Buras (/ˈbjʊrəs/ BYOOR-əs) is a census-designated place (CDP) in Plaquemines Parish, Louisiana, United States. Its population was 945 at the 2010 census, and 1,109 in 2020. Prior to the 2010 census, Buras was considered to be part of the Buras-Triumph CDP.

==History==

Hurricane Katrina made its official landfall in Louisiana in Buras in Plaquemines Parish, Louisiana on August 29, 2005. Buras experienced the full force of the storm, with catastrophic winds and storm surge leading to extensive damage. This area marked the first point of impact for one of the most devastating hurricanes in U.S. history.

In November 2006, Jeré Longman of The New York Times wrote that "almost no evidence of recovery exist[ed]" in the post-Hurricane Katrina period. In December 2007, Longman reported that there was still "little sign of recovery" in Buras. The town was founded in the 1840s; 20 years later, it was the site of Civil War battles at Forts Jackson and St. Philip. Today, the Buras area is known for hauling in much of the state's oysters.

==Geography==

===Climate===

Climate data for Buras, Louisiana (1991–2020)
| Month | Jan | Feb | Mar | Apr | May | Jun | Jul | Aug | Sep | Oct | Nov | Dec | Year |
| Mean daily maximum °F (°C) | 62.0 (16.7) | 66.1 (18.9) | 70.9 (21.6) | 77.0 (25.0) | 82.6 (28.1) | 87.3 (30.7) | 89.7 (32.1) | 89.5 (31.9) | 86.2 (30.1) | 80.0 (26.7) | 71.6 (22.0) | 65.4 (18.6) | 77.4 (25.2) |
| Daily mean °F (°C) | 54.3 (12.4) | 58.4 (14.7) | 63.2 (17.3) | 69.5 (20.8) | 75.9 (24.4) | 81.1 (27.3) | 83.2 (28.4) | 82.9 (28.3) | 80.0 (26.7) | 72.7 (22.6) | 64.2 (17.9) | 57.6 (14.2) | 70.3 (21.2) |
| Mean daily minimum °F (°C) | 46.6 (8.1) | 50.8 (10.4) | 55.5 (13.1) | 61.9 (16.6) | 69.3 (20.7) | 75.0 (23.9) | 76.7 (24.8) | 76.2 (24.6) | 73.9 (23.3) | 65.4 (18.6) | 56.8 (13.8) | 49.8 (9.9) | 63.2 (17.3) |
| Average precipitation inches (mm) | 5.42 (138) | 4.22 (107) | 4.78 (121) | 4.50 (114) | 3.82 (97) | 7.19 (183) | 7.22 (183) | 7.19 (183) | 6.62 (168) | 4.40 (112) | 3.60 (91) | 3.87 (98) | 62.83 (1,595) |
| Average snowfall inches (cm) | 0.0 (0.0) | 0.0 (0.0) | 0.0 (0.0) | 0.0 (0.0) | 0.0 (0.0) | 0.0 (0.0) | 0.0 (0.0) | 0.0 (0.0) | 0.0 (0.0) | 0.0 (0.0) | 0.0 (0.0) | 0.0 (0.0) | 0 (0) |
Source: NOAA

==Demographics==

Buras first appeared in the 2010 U.S. census formed along with the Triumph CDP from the deleted Buras-Triumph CDP.

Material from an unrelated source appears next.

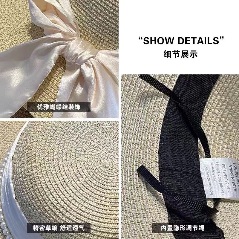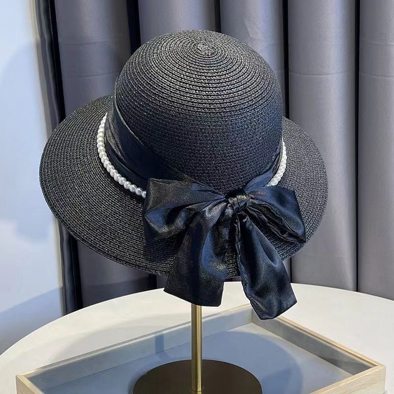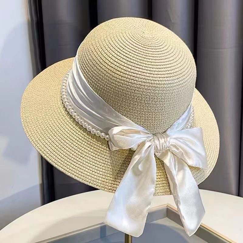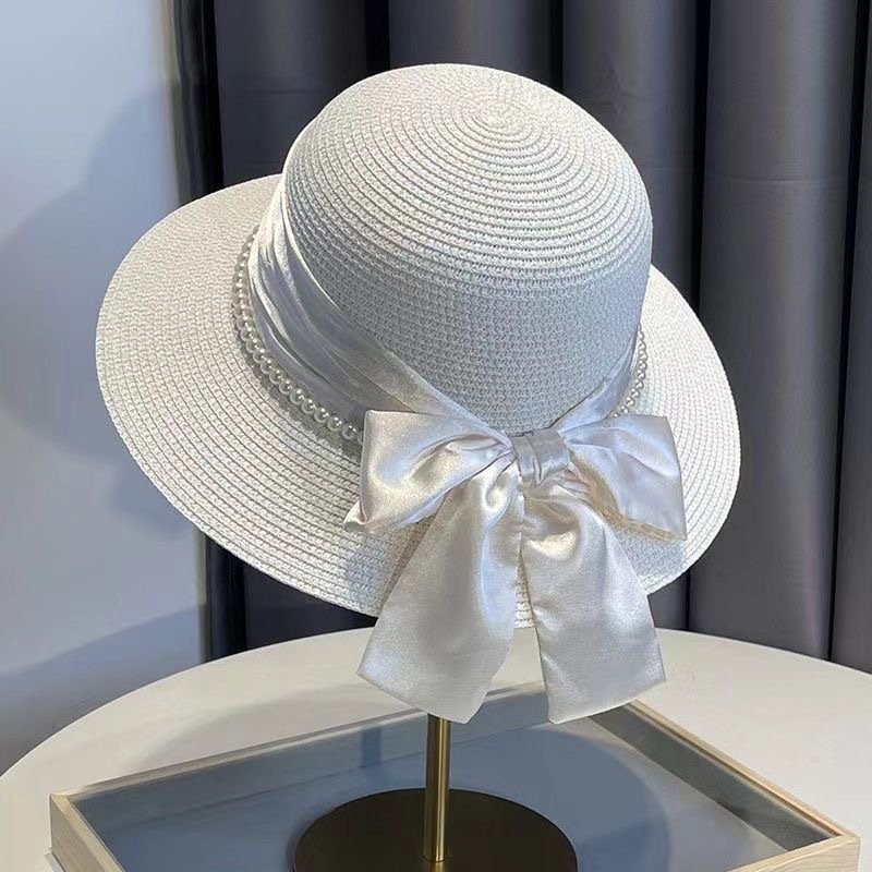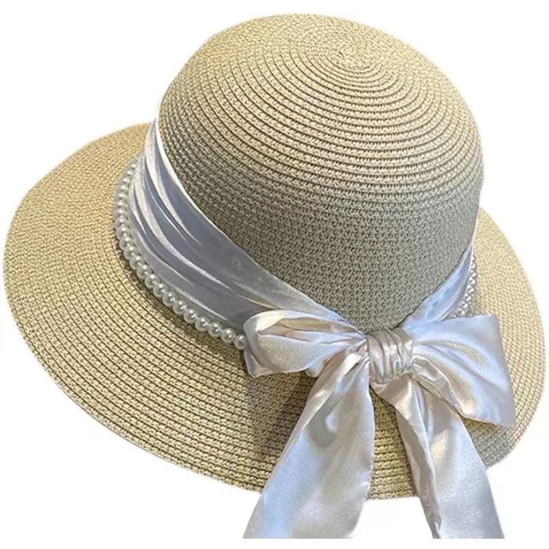 여름 돔 해변 여행을위한 여성용 프렌치 우아한 리본 보우 진주 밀짚 모자 새로운 다용도 모자 트렌드

Buras CDP, Louisiana – Racial and ethnic composition Note: the US Census treats Hispanic/Latino as an ethnic category. This table excludes Latinos from the racial categories and assigns them to a separate category. Hispanics/Latinos may be of any race.
| Race / Ethnicity (NH = Non-Hispanic) | Pop 2010 | Pop 2020 | % 2010 | % 2020 |
|---|---|---|---|---|
| White alone (NH) | 564 | 471 | 59.68% | 42.47% |
| Black or African American alone (NH) | 63 | 118 | 6.67% | 10.64% |
| Native American or Alaska Native alone (NH) | 19 | 16 | 2.01% | 1.44% |
| Asian alone (NH) | 210 | 344 | 22.22% | 31.02% |
| Native Hawaiian or Pacific Islander alone (NH) | 0 | 0 | 0.00% | 0.00% |
| Other race alone (NH) | 5 | 18 | 0.53% | 1.62% |
| Mixed race or Multiracial (NH) | 53 | 82 | 5.61% | 7.39% |
| Hispanic or Latino (any race) | 31 | 60 | 3.28% | 5.41% |
| Total | 945 | 1,109 | 100.00% | 100.00% |

Historical population
| Census | Pop. | Note | %± |
| 2010 | 945 |  | — |
| 2020 | 1,109 |  | 17.4% |
U.S. Decennial Census

==Government==
The United States Postal Service operates a post office.

==Education==
Plaquemines Parish School Board operates the public schools of the parish.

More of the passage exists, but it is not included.